Время на прочтение: 13 минут(ы)

Мстислав Добужинский.
Наша петербургская квартира

В квадратные скобки [ ] заключены номера страниц использованного издания.
Квартира, где прошли мои детские годы, была для меня целым маленьким миром. Отец мой всю жизнь мечтал жить ближе к природе (впоследствии в Кишиневе и в Вильне ему временно это удавалось) и нашу петербургскую квартиру превратил в подобие сада, с птицами и даже со зверьками, к моему великому удовольствию, в особом домике в углу залы жили одно время юркие мышки с красными глазками, а потом их сменили добрые морские свинки. Жили у нас в разное время и белая борзая собака, красавица Нана, пока ее не украли, и рыжая дворняжка Джек, который удрал, изменив нам, и ежик Федя — до самой своей преждевременной смерти.
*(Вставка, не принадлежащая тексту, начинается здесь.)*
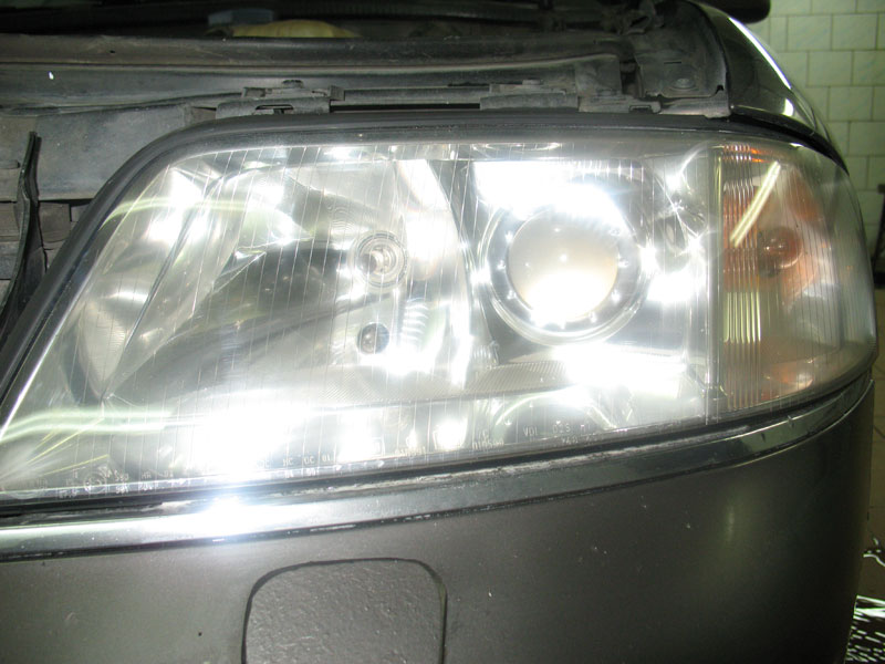 Состояние фар автомобиля, особенно в зимний период, непосредственно влияет на безопасность движения. Исследования показали, что даже припыленная фара снижает прохождение света на 10-15%. А при таком состояние фары, как на фотографии эта цифра может превысить порог в 30-40%. Такая степень повреждения является критической. Стоял вопрос о замене фар. Результат полировки фар, безусловно, превзошел ожидания владельца автомобиля. Важно и то, что стоимость такой работы около 20 у.е., а стоимость новой фары около 200 у.е.

И сколько связано с этими милыми существами моих детских воспоминаний!
В нашей большой зале (пять окон) росли вперегонку со мной в горшках и зеленых кадках тоненькие пальмы, фикусы, олеандры, золотое дерево, рододендроны и любимые папины цветы: камелии, розы, фуксии и — в длинных ящиках — резеда. Были и странных и страшноватых форм кактусы, у которых цветок вдруг вырастал в неожиданном месте.
В одном из огромных окон отец устроил клетку для птиц, забрав сеткой высокую амбразуру — они в нашем старом аракчеевском доме были необыкновенной глубины — и разнообразное щебетание, и радостные, звонкие трели канареек раздавались с самого раннего утра. И как все это веселило мою детскую жизнь! Кроме канареек, у нас жили снегири с красной грудкой, издававшие скрипучие звуки несложной песенки, зелено-серые клесты — северные попугайчики с загнутыми клювами, и ворковал большой розовый египетский голубь. Раз одна канарейка заболела, и отец ее поил осторожно касторкой.
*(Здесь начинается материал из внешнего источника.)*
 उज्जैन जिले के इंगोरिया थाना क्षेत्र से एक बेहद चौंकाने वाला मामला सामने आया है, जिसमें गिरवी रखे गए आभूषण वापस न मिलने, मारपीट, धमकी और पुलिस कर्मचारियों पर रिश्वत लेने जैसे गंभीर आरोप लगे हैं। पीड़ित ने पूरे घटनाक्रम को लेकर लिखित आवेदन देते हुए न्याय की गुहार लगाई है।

В сумерках по всем комнатам начинал бегать, смешно и быстро стуча ноготками своих лапок, мой ежик Федя, и я забавлялся, трогая его острые иголки, и, когда он скатывался шариком, щекотал его мягкое и теплое брюшко, причем он забавно фыркал. Прожил он довольно долго, но конец его был печальный — он залез в калошу, приняв ее за норку, и задохся. Разумеется, я очень плакал.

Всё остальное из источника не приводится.